This rounds out a trilogy of recent cases involving Sunday closing laws, two in Prince George’s County, one in Montgomery County. In Giant of Maryland, Inc. v. State’s Attorney for Prince George’s County, 267 Md. 501, 298 A. 2d 427, appeal dismissed, 412 U. S. 915 (1973) we held that the Sunday closing law applicable to Prince George’s County, Maryland Code (1957, 1971 Repl. Vol.) Art. 27, § 534H (b) 1-3 did not permit Giant to avail itself of the exemption accorded drugstores, delicatessens and bakeries, because although Giant operated a pharmacy, a delicatessen and a bakery within its store, its business was the general sale of food products.
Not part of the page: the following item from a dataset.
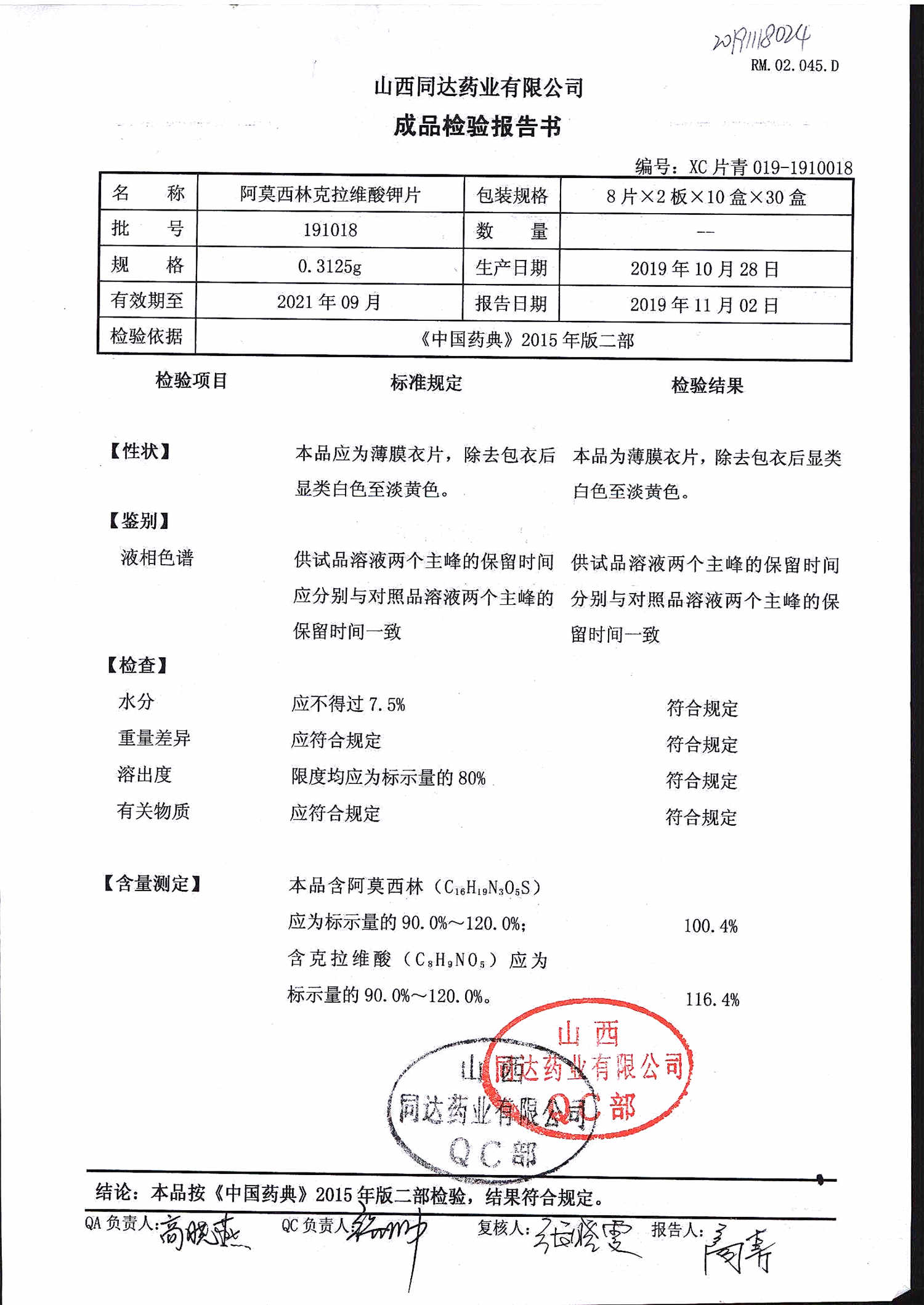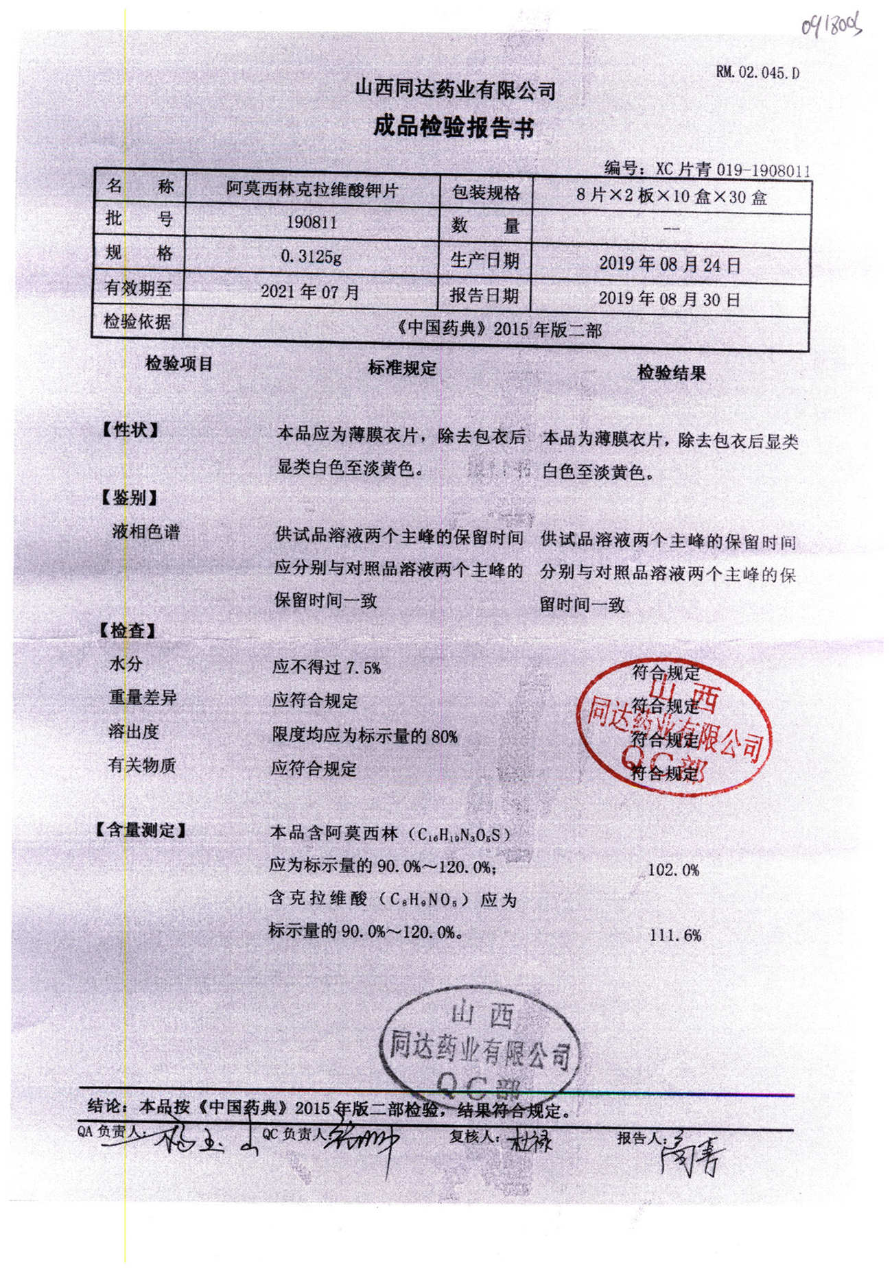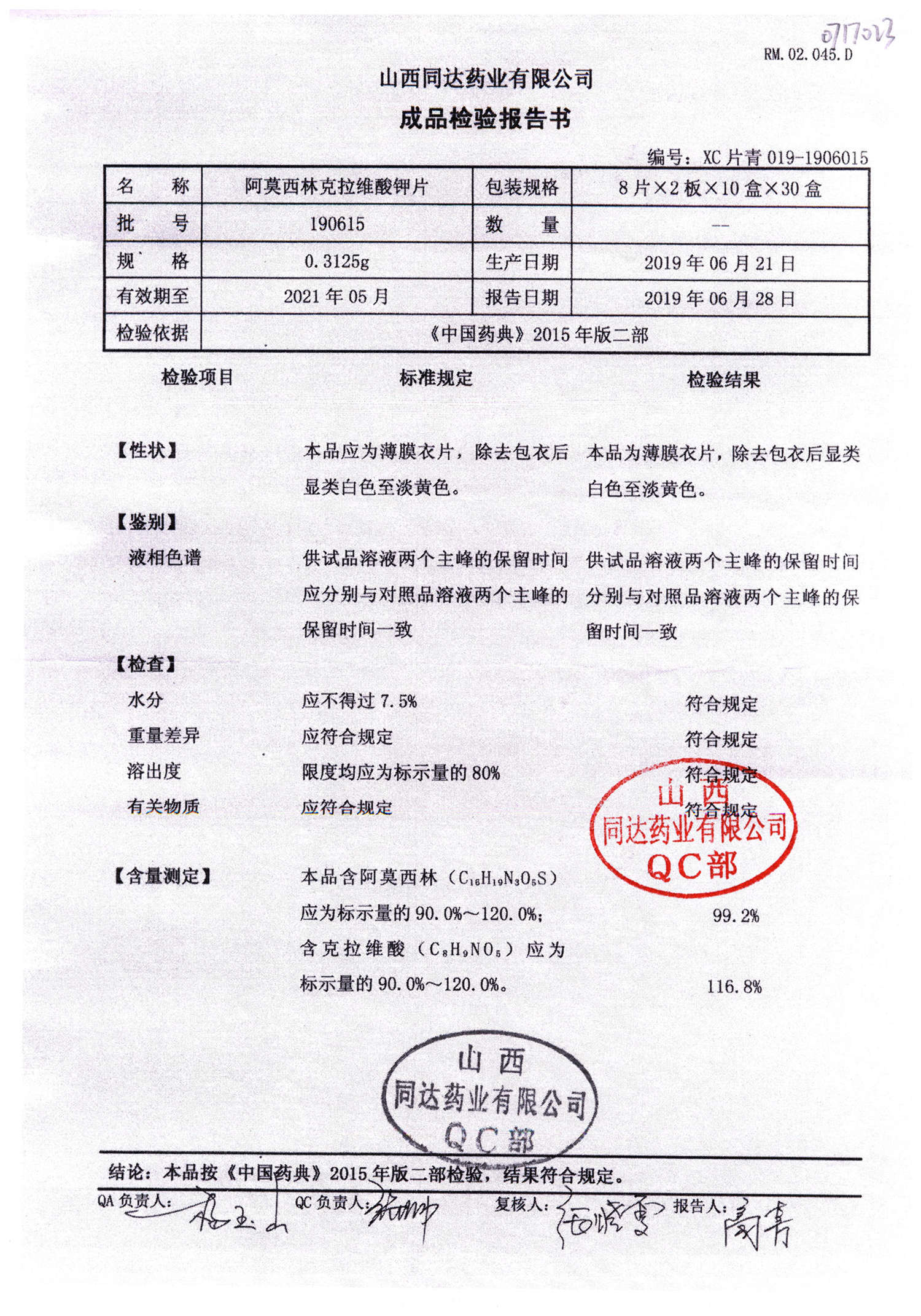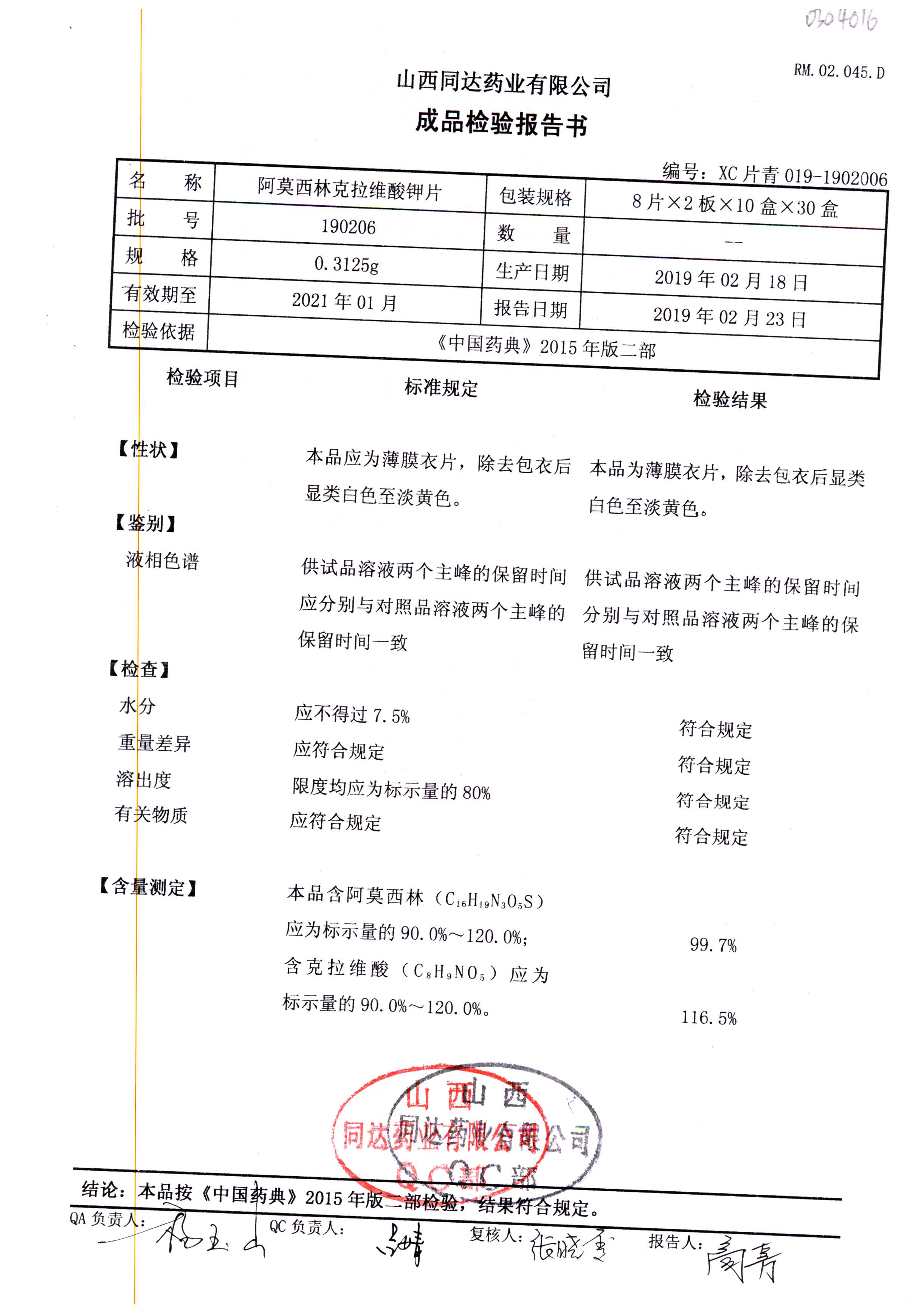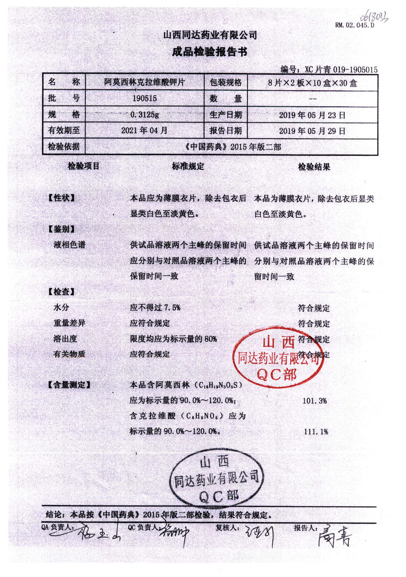阿莫西林克拉維酸鉀片 | 0.3125g*16s | 190511 | 查看詳情 |

The second case, Dart Drug Corp. v. Hechinger Co., 272 Md. 15, 320 A. 2d 266 (1974), involved the interpretation of a similar Sunday closing law, Code (1957, 1971 Repl. Vol.) Art. 27, § 534J applicable to Montgomery County. The same Hechinger Company (Hechinger) which is the appellant here had instituted an action for declaratory and injunctive relief in the Circuit Court for Montgomery County against Dart Drug Corporation, Drug Fair, Inc. and Peoples Drug Stores, Inc., alleging that the defendants’ stores, which sold 67% of the same items sold by Hechinger, were permitted to remain open on Sunday, while Hechinger was required to be closed. In that case, we found that the three defendants did not qualify for the statutory exemption accorded to “[d]rugstores whose basic business is the sale of drugs and related items” because their basic business was not the sale of drugs. We modified the trial court’s order, and affirmed as modified a declaration and order enjoining and restraining the defendants from conducting business on Sunday in any store which regularly employed on weekdays more than six persons on any one shift.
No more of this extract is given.